As the answer, give exactly the lines of the records below from the one with "Camarón cocido, palta, champiñón, pepino, envuelto" through the one with "The population of", ends included and pictures left out.

#### [RECORDED DATA]
============================================================

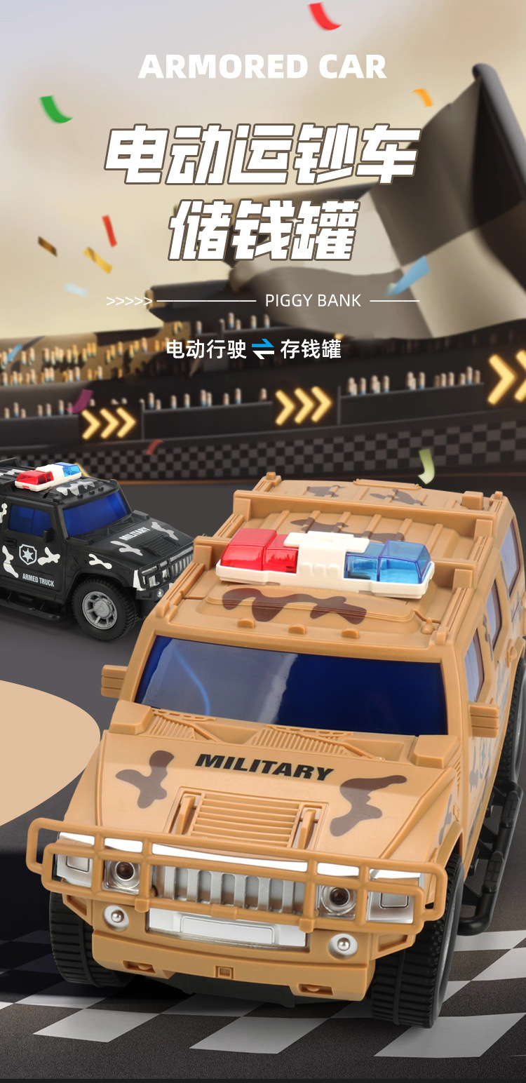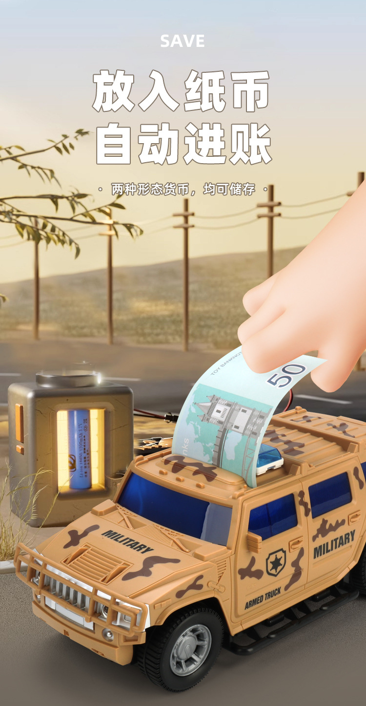 Cross-border Electric Universal efectivo camión alcancía automático rollo de dinero moneda camuflaje Humvee off-road vehículo alcancía al por mayor
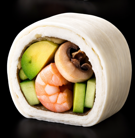 Camarón cocido, palta, champiñón, pepino, envuelto en alga nori estilo oriental y plaqueta de queso crema.
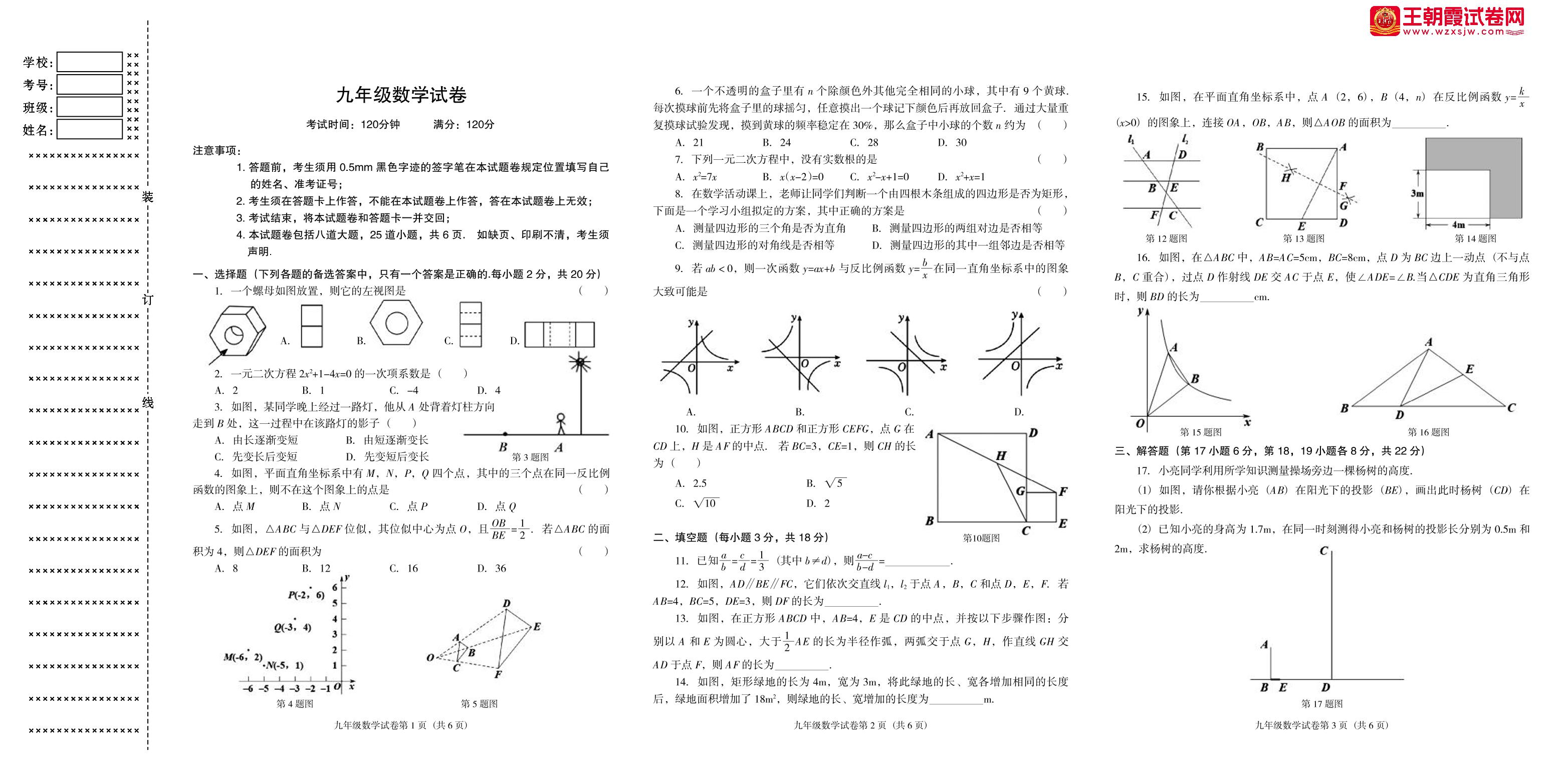 辽宁省沈阳市于洪区2023-2024学年上学期期中考试试卷九年级数学(北师版)
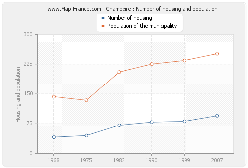 The population of Chambeire was 251 inhabitants in 2007, 234 inhabitants in 1999, 225 inhabitants in 1990, 205 inhabitants in 1982, 134 inhabitants in 1975 and 143 inhabitants in 1968. Meanwhile, the number of housing of Chambeire was 95 in 2007, 81 in 1999, 79 in 1990, 71 in 1982, 45 in 1975 and 41 in 1968.
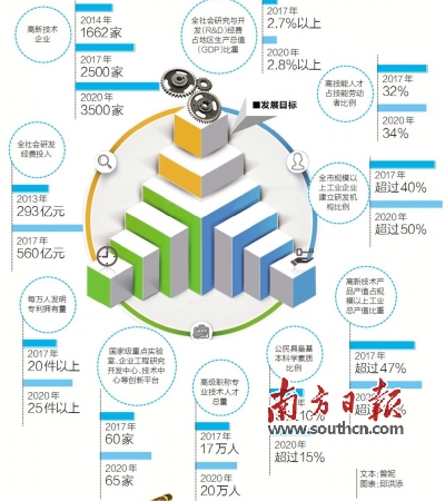 到2020年,將廣州建成體制創(chuàng)新、機制健全的國家區(qū)域創(chuàng)新平臺,具有國際影響力的國家創(chuàng)新中心,形成開放、寬松、自由的創(chuàng)新生態(tài)。”2日召開的廣州市科技創(chuàng)新大會上,出臺了推動廣州創(chuàng)新驅動的“1+9”文件。其中,“1”為主體文件《廣州市人民政府關于加快實施創(chuàng)新驅動發(fā)展戰(zhàn)略的決定》,其中明確:廣州要大幅提高創(chuàng)新投入,2017年和2020年全社會研究與開發(fā)(R&D)經(jīng)費占地區(qū)生產(chǎn)總值(GDP)的比重分別達2.7%和2.8%以上。
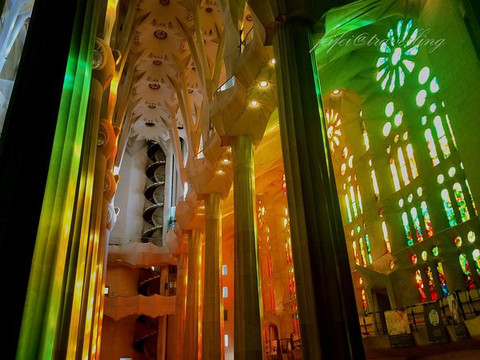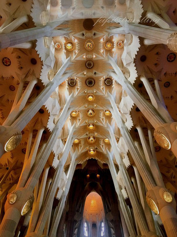 圣家族大教堂是一座宏伟的天主教教堂,整体设计以大自然诸如洞穴、山脉、花草动物为灵感。高迪曾经说:“直线属于人类,而曲线归于上帝。”圣家族大教堂的设计完全没有直线和平面,而是以螺旋、锥形、双曲线、抛物线各种变化组合成充满韵律动感的神圣建筑。
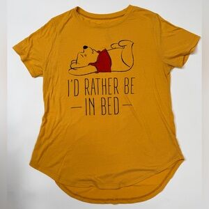 Disney Winnie the Pooh Short Sleeve PJ Top / Lounge Wear Graphic Tee. Orange / Yellow Gold (Mustard Gold) Color. Size: Juniors L 11 - 13. Could fit a Women’s XS or small. About 3/5 years old.
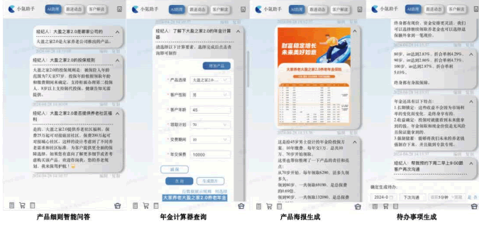 保險AI大模型助手在保險代理人與客戶溝通中的廣泛應用,提供實時問答支持和資料查詢功能,簡化了代理人查詢產品資料的流程,減少了溝通次數,提升了客戶服務效率和質量,增強了客戶體驗和滿意度。這些創新技術和功能的實施,顯著提升了代理人的工作效率和專業能力,有效支持了保險企業在競爭激烈的市場中保持競爭優勢。
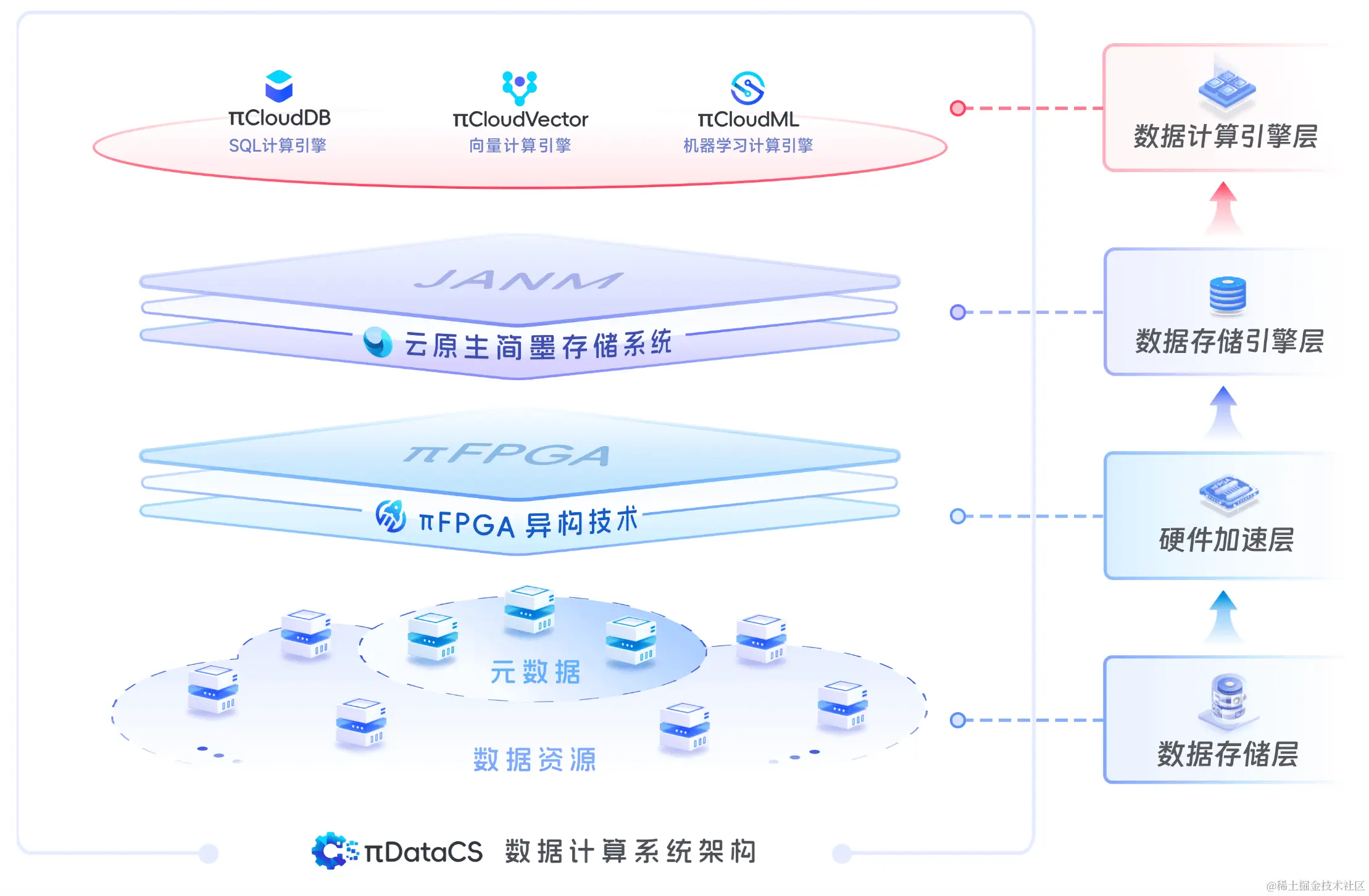 PieDataCS 自下而上可分为数据存储层、硬件加速层、数据存储引擎层以及数据计算引擎层:

============================================================

#### [RESPONSE TO THE TASK]
 Camarón cocido, palta, champiñón, pepino, envuelto en alga nori estilo oriental y plaqueta de queso crema.
 辽宁省沈阳市于洪区2023-2024学年上学期期中考试试卷九年级数学(北师版)
 The population of Chambeire was 251 inhabitants in 2007, 234 inhabitants in 1999, 225 inhabitants in 1990, 205 inhabitants in 1982, 134 inhabitants in 1975 and 143 inhabitants in 1968. Meanwhile, the number of housing of Chambeire was 95 in 2007, 81 in 1999, 79 in 1990, 71 in 1982, 45 in 1975 and 41 in 1968.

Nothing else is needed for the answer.